Input START
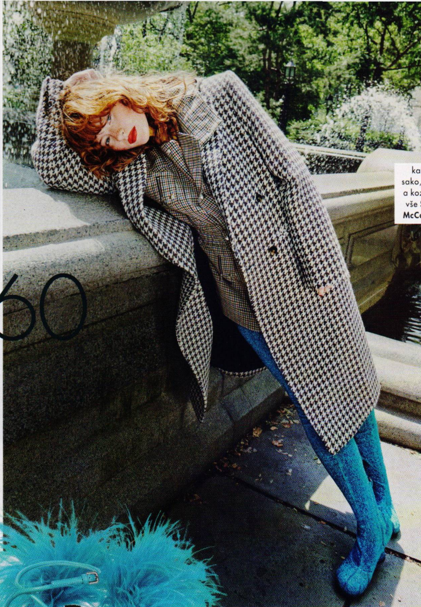
kabát, sako, košile a kozačky, vše Stella McCartney
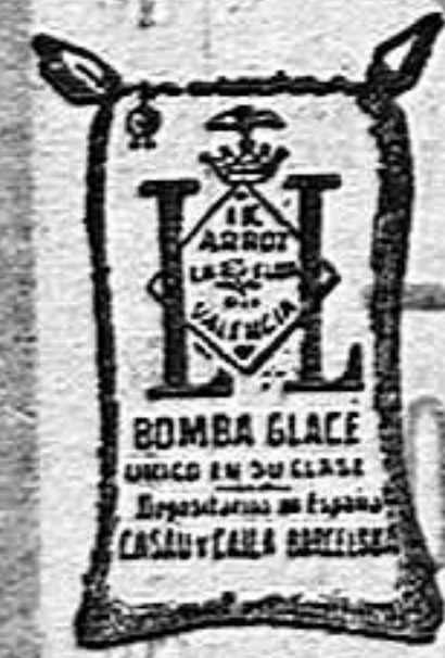
Arroz Glacé (1 Kilo)
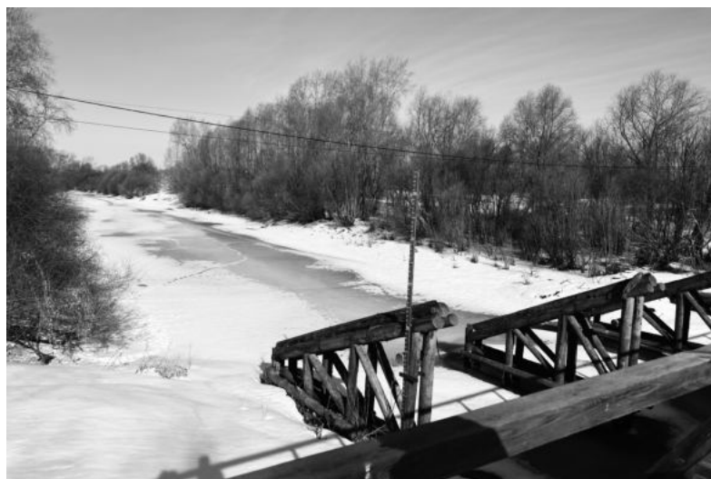
Мост, д. Юдина.
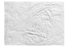
Puros Pericardium Membran
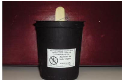
Figura 1: Ovitrapa

Se instala en un sitio adecuado, próximo a viviendas particulares u edificios con jardín o patio. Normalmente, se controlan una vez a la semana y se revisan las paletas para detectar la presencia de huevos de Aedes aegypti .
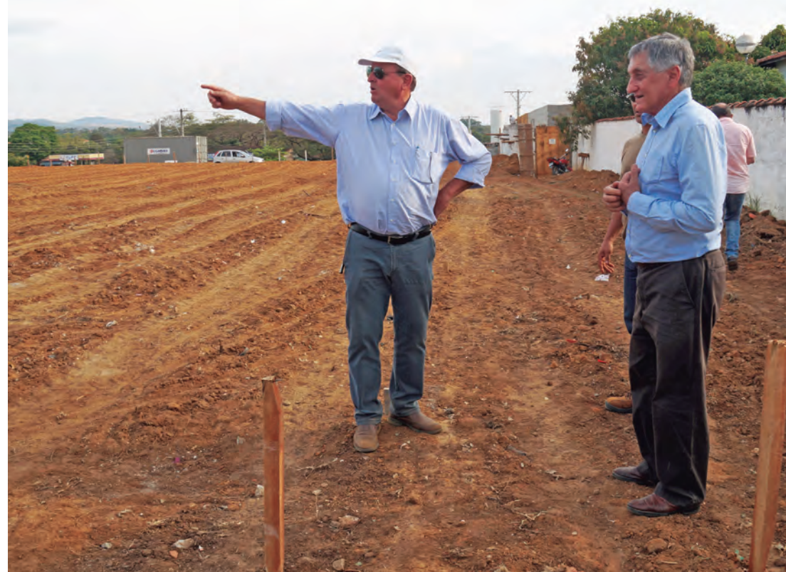
O prefeito de Pinda está acompanhando todas as fases da obra

A terraplanagem da UPA do Cidade Nova já foi feita, a próxima etapa terá início em breve. No local haverá espaços para atendimento social, sala para classificação de riscos, exames, inalação, obser-
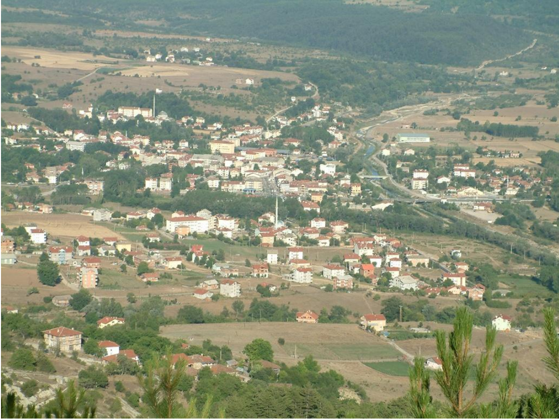
Şekil 2: Mengen şehri ve havzasından görünüm

Mengen havzası 849.9 km 2 alan kaplamakta olup, bunun yaklaşık olarak 650 km 2 si orman alanıdır. Bu ormanlık alanlar çalışma sahamızda doğal güzellik yaratmakta ve doğa turizmüne de imkân tanımaktadır.
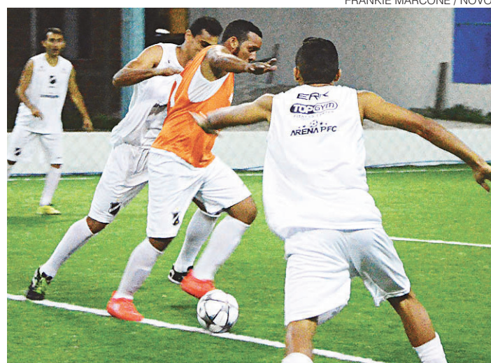
FRANKIE MARCONE / NOVO

Mais conhecido como futebol society, o Fut7 ganhou liga e organização no RN. Lá, ABC e América participam, mas dividem espaço com os times de bairros. #6
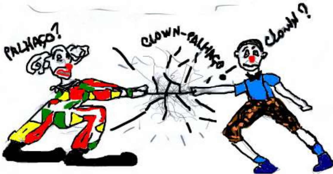
Fig.1. Palhaço versus Clown

Assim começa! Com um aparente cabo de guerra entre um clown 3 e um palhaço, representando as diversas discussões acerca da diferenciação entre eles. E o que alimenta estas tantas diferenciações? Entre eles há uma espécie de novelo com fios emaranhados, envolvendo os aspectos que cutucam estas duas figuras mutuamente. Na imagem, dois tipos, que podemos considerar como sendo estereótipos de um palhaço típico do circo guerreando com um clown típico do teatro, competem e medem forças e, às vezes, nem imaginam o que se passa no meio: um fio de alta voltagem, soltando faíscas - opiniões cotidianas, palhacescas ou clownescas, pesquisadoras circenses, teatreiras, rueiras, apaixonadas, provocativas, não-iniciadas, leigas, enfim, humanas.
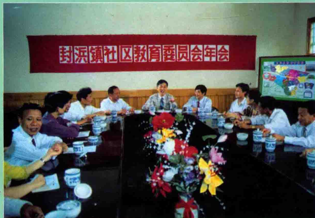
封浜镇社区教育委员会年会
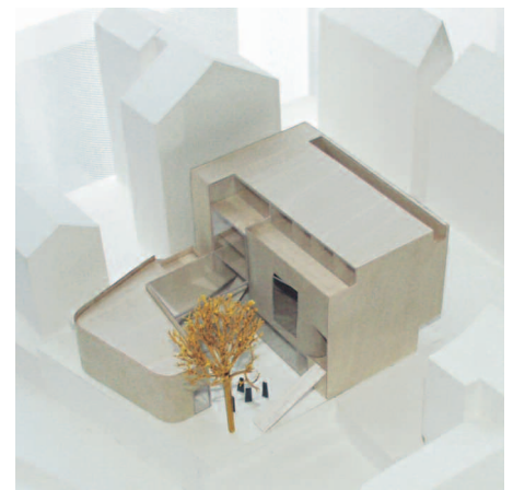
1. Preis: Seibold + Bloss, Waiblingen
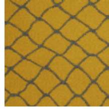
3436-06 CABARET - POLLEN *
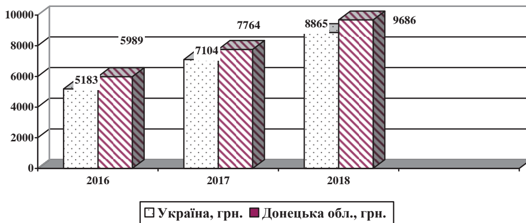
Рисунок 4 – Середньомісячна заробітна плата працевлаштованих осіб в цілому в Україні та Донецькій області, грн.

Успішне функціонування підприємців малого та середнього бізнесу дає змогу розширювати свою діяльність, підвищувати своїм робітникам заробітну плату. Безумовно розмір заробітної плати впливає на вибір підприємства робітником. Дослідження динаміки середньомісячної заробітної плати працевлаштованих осіб в цілому в Україні та Донецькій області виявив позитивний наступний факт (рис.4): заробітна плата в Донецькій області вища за заробітну плату в цілому по Україні за період з 2016 року з 15,5% до 9,3% у 2018 році.
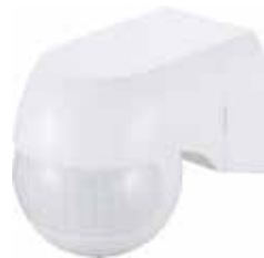
DETECTOR MOVIMIENTO LED PARED 230V
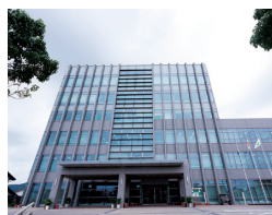
田原市 スポーツイベントへの取り組み
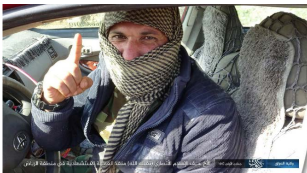
террорист-смертник организации, известный под прозвищем Сайеф Аль Ислам Аль Ансари, отправляется на совершение самоубийственного теракта (округ Ирак – Киркук организации ИГИЛ, 27 января 2019 г.).
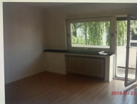
Wohnung Nr. 2 im Erdgeschoss
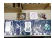
電気の利用 黒板実験セット
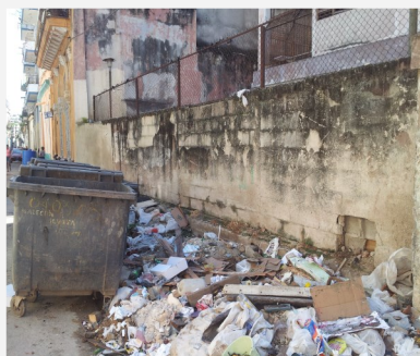
Lateral del círculo infantil Alegre Cubanito

La Empresa de Comunales de la localidad puso tanque de basuras que no recoge como debiera diariamente.
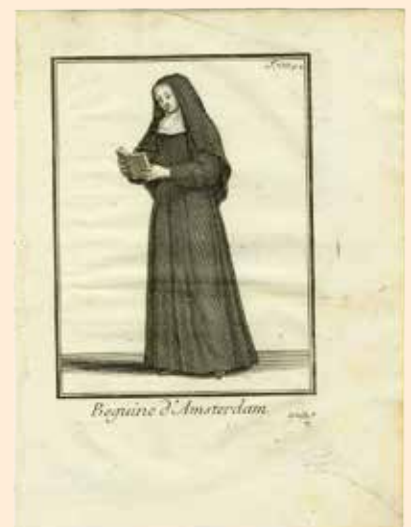
Begijnen verschillen wezenlijk van andere kloosterzusters door de geloften die zij afleggen, maar beide groepen wijden hun leven grotendeels aan bezinning en gebed. Op deze afbeelding zien we een begijn van het begijnhof van Amsterdam op een oude prent van R.P. Helyot uit 1792.

Verder kiezen zowel kloosterzusters als begijnen resoluut voor een leven volgens de leer van de rooms-katholieke kerk, gestoeld op de roomse bijbelverklaringen. Wanneer een van deze aspecten niet aanwezig is in de leefwijze van een “vrome vrouw”, is zij geen begijn of kloosterzuster meer. Het is van groot belang om de definitie van wat een begijn juist is, heel zuiver te houden. Want er zijn in de loop van de geschiedenis vele mengvormen ontstaan tussen begijnen, kloosterzusters, reclusen en andere types van religieuze vrouwen. Als we die zonder meer allemaal begijnen
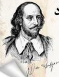
شکسپیر (۱۵۶۴-۱۶۱۶) (شاعر و نمایشنامه‌نویس انگلیسی)

گوش‌هایت را به همه بسیار اما صدایت را به عده‌ای معدود
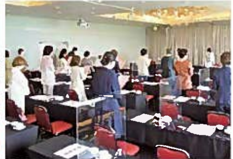
女性会の歌静聴の様子
Input END
▸ **Work instruction**
With the images omitted, output all entries exactly as given.

▸ **Task result**
kabát, sako, košile a kozačky, vše Stella McCartney
Arroz Glacé (1 Kilo)
Мост, д. Юдина.
Puros Pericardium Membran
Figura 1: Ovitrapa

Se instala en un sitio adecuado, próximo a viviendas particulares u edificios con jardín o patio. Normalmente, se controlan una vez a la semana y se revisan las paletas para detectar la presencia de huevos de Aedes aegypti .
O prefeito de Pinda está acompanhando todas as fases da obra

A terraplanagem da UPA do Cidade Nova já foi feita, a próxima etapa terá início em breve. No local haverá espaços para atendimento social, sala para classificação de riscos, exames, inalação, obser-
Şekil 2: Mengen şehri ve havzasından görünüm

Mengen havzası 849.9 km 2 alan kaplamakta olup, bunun yaklaşık olarak 650 km 2 si orman alanıdır. Bu ormanlık alanlar çalışma sahamızda doğal güzellik yaratmakta ve doğa turizmüne de imkân tanımaktadır.
FRANKIE MARCONE / NOVO

Mais conhecido como futebol society, o Fut7 ganhou liga e organização no RN. Lá, ABC e América participam, mas dividem espaço com os times de bairros. #6
Fig.1. Palhaço versus Clown

Assim começa! Com um aparente cabo de guerra entre um clown 3 e um palhaço, representando as diversas discussões acerca da diferenciação entre eles. E o que alimenta estas tantas diferenciações? Entre eles há uma espécie de novelo com fios emaranhados, envolvendo os aspectos que cutucam estas duas figuras mutuamente. Na imagem, dois tipos, que podemos considerar como sendo estereótipos de um palhaço típico do circo guerreando com um clown típico do teatro, competem e medem forças e, às vezes, nem imaginam o que se passa no meio: um fio de alta voltagem, soltando faíscas - opiniões cotidianas, palhacescas ou clownescas, pesquisadoras circenses, teatreiras, rueiras, apaixonadas, provocativas, não-iniciadas, leigas, enfim, humanas.
封浜镇社区教育委员会年会
1. Preis: Seibold + Bloss, Waiblingen
3436-06 CABARET - POLLEN *
Рисунок 4 – Середньомісячна заробітна плата працевлаштованих осіб в цілому в Україні та Донецькій області, грн.

Успішне функціонування підприємців малого та середнього бізнесу дає змогу розширювати свою діяльність, підвищувати своїм робітникам заробітну плату. Безумовно розмір заробітної плати впливає на вибір підприємства робітником. Дослідження динаміки середньомісячної заробітної плати працевлаштованих осіб в цілому в Україні та Донецькій області виявив позитивний наступний факт (рис.4): заробітна плата в Донецькій області вища за заробітну плату в цілому по Україні за період з 2016 року з 15,5% до 9,3% у 2018 році.
DETECTOR MOVIMIENTO LED PARED 230V
田原市 スポーツイベントへの取り組み
террорист-смертник организации, известный под прозвищем Сайеф Аль Ислам Аль Ансари, отправляется на совершение самоубийственного теракта (округ Ирак – Киркук организации ИГИЛ, 27 января 2019 г.).
Wohnung Nr. 2 im Erdgeschoss
電気の利用 黒板実験セット
Lateral del círculo infantil Alegre Cubanito

La Empresa de Comunales de la localidad puso tanque de basuras que no recoge como debiera diariamente.
Begijnen verschillen wezenlijk van andere kloosterzusters door de geloften die zij afleggen, maar beide groepen wijden hun leven grotendeels aan bezinning en gebed. Op deze afbeelding zien we een begijn van het begijnhof van Amsterdam op een oude prent van R.P. Helyot uit 1792.

Verder kiezen zowel kloosterzusters als begijnen resoluut voor een leven volgens de leer van de rooms-katholieke kerk, gestoeld op de roomse bijbelverklaringen. Wanneer een van deze aspecten niet aanwezig is in de leefwijze van een “vrome vrouw”, is zij geen begijn of kloosterzuster meer. Het is van groot belang om de definitie van wat een begijn juist is, heel zuiver te houden. Want er zijn in de loop van de geschiedenis vele mengvormen ontstaan tussen begijnen, kloosterzusters, reclusen en andere types van religieuze vrouwen. Als we die zonder meer allemaal begijnen
شکسپیر (۱۵۶۴-۱۶۱۶) (شاعر و نمایشنامه‌نویس انگلیسی)

گوش‌هایت را به همه بسیار اما صدایت را به عده‌ای معدود
女性会の歌静聴の様子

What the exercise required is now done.